Sotomayor: Most Satisfying Professional Moment “Convinc[ing] a Colleague” To Change Mind. Was it Fisher?

October 25th, 2014

In remarks at the University of New Hampshire, Justice Sotomayor explained that her “most satisfying professional moment” has been “convinc[ing] a colleague” to change his or her mind:

Questions included what was the first thing she did after being confirmed on the high court (she went to a friend’s “and I collapsed for a month”) and what her most satisfying professional moment has been.

She answered the latter by saying she couldn’t give the full details of her most satisfying professional moments “but they’re usually when you can convince a colleague to change” their mind on an issue that you feel strongly about.

“The reality is, it doesn’t happen that often,” Sotomayor said. That’s because before the justices actually vote, they’ve all read the briefs and studied the issues and “we’re pretty well-prepared.”
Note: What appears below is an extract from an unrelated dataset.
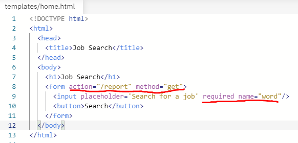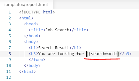 - return문에서 받아온 변수(searchword)를 report.html에서 사용하려면 이중괄호{{}} 안에 전달 받을 변수명을 넣습니다.

“By the time we got to oral arguments, if you haven’t convinced us in you’re brief, you’ve made a big mistake,” she said.

This is an interesting revelation, as Joan Biskupic’s recent book highlighted the fact that it is not Sotomayor’s preference to try to persuade other Justices. Her colleagues described her as “solo operator.” This is in stark contrast to the “shrewd tactician” Elena Kagan.

Yet, we see that Sotomayor was able to convince her colleagues not to invalidate the UT affirmative action program, and pushed the majority in Fisher to duck the issue with her dissent. I wonder if this is the case she talks about as the “most satisfying professional moment” of her career.

As an aside, I’m still not sure how her Fisher ploy worked, as Sotomayor ultimately published her dissent in Schuette, and the other Justices took public umbrage to it–Chief Justice Roberts in particular who was offended to being called out of touch. After some more thought, I suspect this may be akin to the Court’s decision to order reargument in Citizens United in the face of a dissent from Justice Souter that the Court invalidated the law, even though the argument was not briefed. In Fisher, Bert Rein specifically did not ask the Court to overturn Grutter, so it may have been a bridge too far. This is keeping with what Richard Re has called the Doctrine of One Last Chance. I think the parts of Sotomayor’s dissent that persuaded the Justices never made it into Schuette. I can’t imagine any Justices were persuaded to change their minds by being called out-of-touch.